The speaker believes we are experiencing a dollar bear market, leading to increased use of other currencies like the yen, renminbi, and euro. The speaker also expresses concerns about the erosion of the rule of law and property rights in the US, which could negatively impact its status as the world's reserve currency. The speaker is open to the potential of crypto, particularly Bitcoin, as a neutral financial system and a parallel store of value. The speaker sees gold as primarily a play on emerging markets and cultural demand, rather than a direct competitor to crypto. The speaker's father, who is older and enjoys new technologies, holds a different view on crypto and prefers to invest in various coins. The speaker sees the ecosystem's success as crucial for crypto to flourish as a parallel financial system, and currently, Bitcoin appears to be the leading contender. The speaker acknowledges the challenges in the crypto space, including the presence of "shitcoins," but remains bullish on Bitcoin's potential.

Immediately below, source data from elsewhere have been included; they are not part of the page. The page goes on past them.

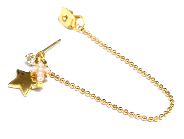 長いチェーンが揺れるスター&クロスのピアスです。 サイズ L約4.5cm スター約0.9cm | |
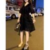 23056 Daaimaiyiyuan 2025 Verano Nuevo Vestido Negro Cuello en V Manga Corta Largo Medio Estilo Coreano Vestido de Mujer
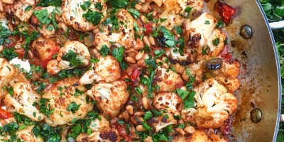 Pan Roasted Cauliflower with Pine Nuts and Raisins
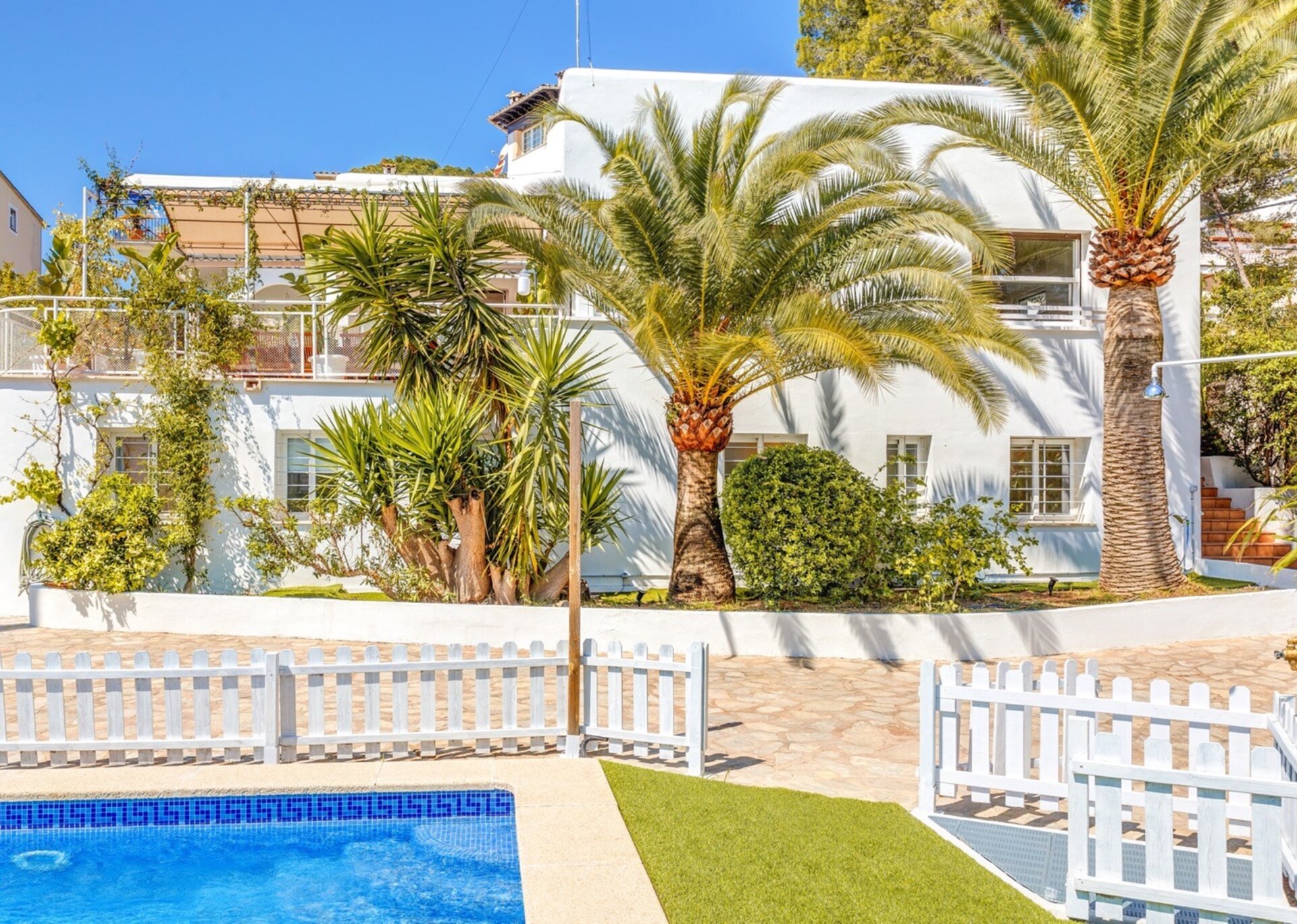Villa "Enigma" is a charming two-storey detached house nestled in a prestigious area of Palma. It offers an idyllic retreat for families seeking a unique holiday experience away from the hustle and bustle of daily life. Built in the 1930s, this historic house showcases a distinctive architectural style that beautifully contrasts with its modern interior.

Crypto market evolution: The crypto market is an ongoing debate with potential rewards for those willing to take the risk, but it's important to stay informed and remember investing carries risk.
The crypto world, like the world of gadgets, can be filled with exciting innovations that may not always be used or have lasting impact. However, for those willing to take the risk, the potential rewards can be significant. The crypto market is an ongoing debate and continues to evolve. To stay informed, listeners can follow Louis on Eggs or sign up for the free newsletter Evergreen Gaff Gal. As a reminder, none of this conversation should be considered financial advice, and investing in crypto carries risk. But for those brave enough to join the bankless journey, the potential rewards are worth the adventure. Louis' insights and perspectives on the crypto market can be found on his various platforms, and more information on how to access his content will be provided in the show notes.